Avant-dernier paragraphe :

"Si vous êtes dans l'incapacité d'exploiter régulièrement vos boîtes, je vous invite à adresser par retour du courrier une lettre de cessation d'activité."

Etrange requête dans une époque où, en contraire, ceux qui nous dirigent, veulent tout faire pour maintenir et développer l'activité. Tout faire pour empêcher les cessations d'activité.

 

En caractères gras, dernier paragraphe :

" La présente lettre a valeur d'avertissement. A défaut de mise en conformité dans un délai d'un mois à compter de réception, cette infraction aux dispositions du réglement pourra entraîner le retrait de votre aurorisation (article 12).

 

Paradoxe utime : la Mairie de Paris se comporte avec les Bouquinistes des quais de Seine comme un véritable Employeur. Avec les exigences qu'un Employeur peut avoir pour ses employés. Des employés qui fournissent un certain travail en échange d'un certain salaire. Des employés qui sont des salariés. Mais, ne l'oublions jamais, dans le cas des Bouquinistes de Paris, pas de salaire. Pas de salaire, mais des obligations de respecter des horaires d'ouverture, des jours d'ouverture, qui sont de vrais horaires de travail. Pas de salaire mais un réglement draconien et une application du réglement non moins draconienne.

 

Homme libre, toujours tu chériras la mer, chantait Baudelaire,

Aujourd'hui, je chante à ma manière :

 

Homme libre, toujours tu fuiras le quai,

De la Tournelle au Malaquais,

Pour ne plus rendre compte à je ne sais qui,

Des heures ou des instants mal acquis...

 

Ceux qui coulent des jours paisibles,

Dans des bureaux invisibles, 

Ont pouvoir de vie ou de mort

Sur celui qui travaille dehors...


Avec une application banale,

Ils jouent à la bataille navale,

Rêvent chaque jour de mettre à terre

L'un de ces petits bateaux verts...

 

Pour nous contraindre à nous taire,

Ils administrent leur ministère,

A la façon de grands capitaines,

Mais n'en ont pas la veine humaine... 

 

Dans une ville en permanence sous caméras de surveillance, les Bouquinistes ne sont plus pour longtemps les derniers hommes libres du paysage urbain. Les derniers représentants d'un métier de liberté dans un monde où, comme le beuglait déjà, dans l'autre siècle, le vieux Léo, les muselières ne sont plus faites pour les chiens...

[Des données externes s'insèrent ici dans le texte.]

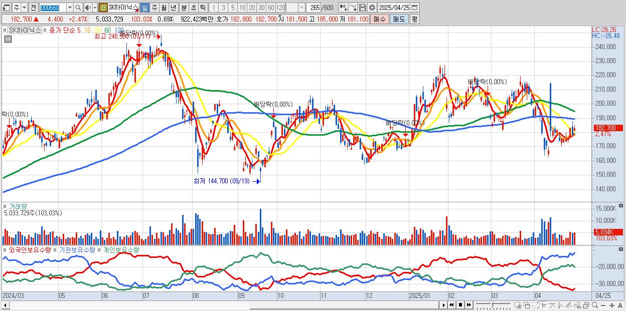 2.SK하이닉스 184,400원 ▲ 3.42% (KOSPI, 000660)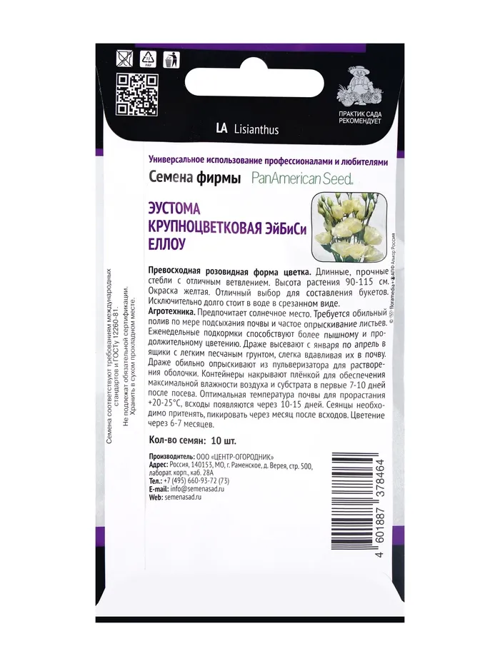 Семена цветов Эустома крупноцветковая ЭйБиСи Еллоу, 10шт — Характеристики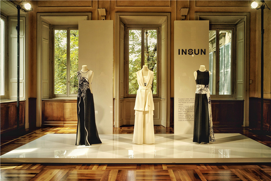 图为影儿时尚集团在米兰时装周期间举办的静态展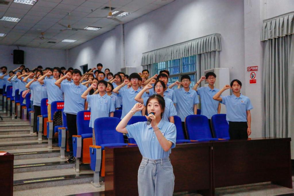 “以最积极的心态,最饱满的热情,认真完成实践工作,为民族复兴铺路架桥、为祖国建设添砖加瓦!”与会志愿者齐声宣读暑期社会实践誓词,青春蓬勃的音浪响彻会场。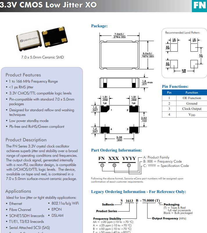 | FN6400017 | Diodes晶振 | SaRonix-eCera™ FN | 64MHz | ±50ppm | -20°C ~ 70°C |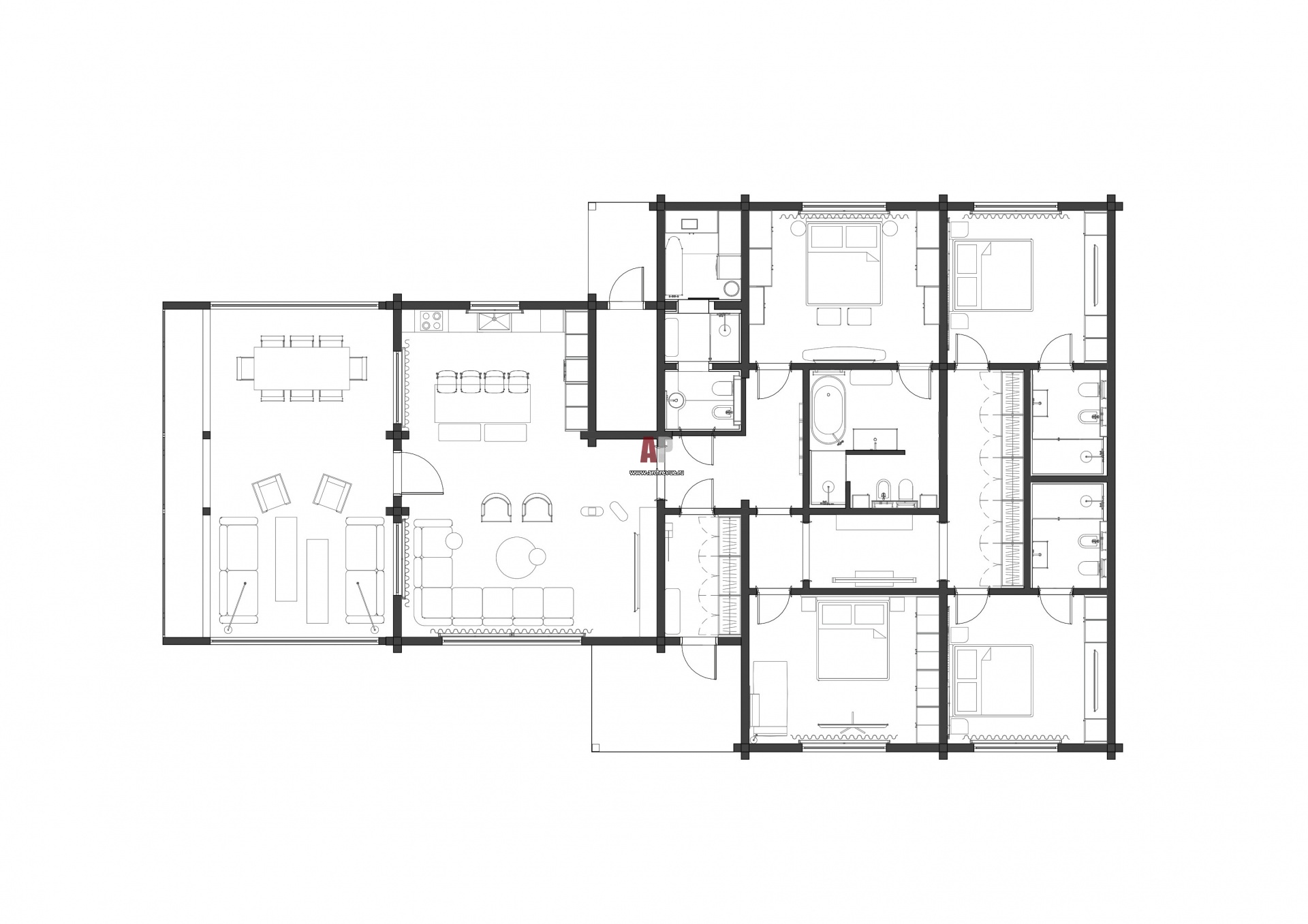 Планировка одноэтажного шале, 260 кв. м.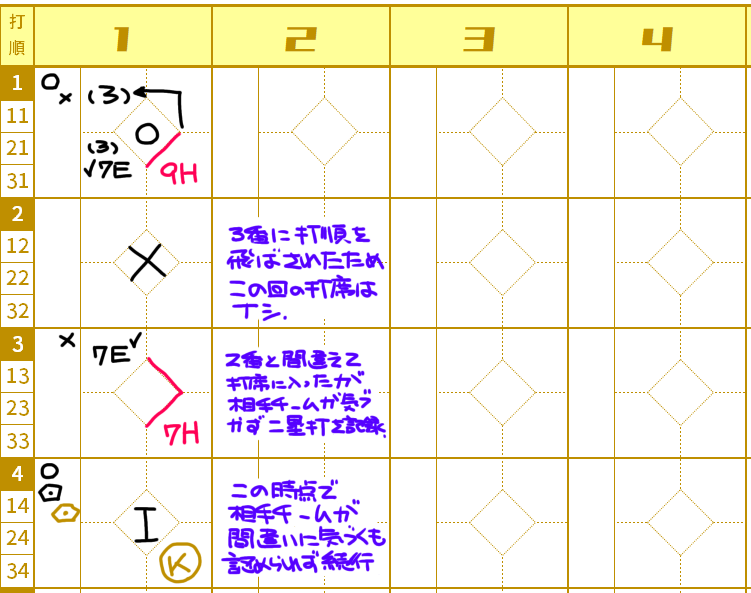 間違いに気づかず試合が進んでしまった場合と、指摘されてアウトになった場合のそれぞれの記載の仕方です。

Que l'Administration, pour nous amadouer un temps, rebaptise, dans l'air du temps, le bouquiniste  "libraire de plein air", ne change rien à l'affaire : notre liberté est morte. Peu importe, puisqu'on m'y incite de la sorte, au diable les idées ou l'enthousiasme que j'apporte, cette fois, je crois que je vais prendre... la porte.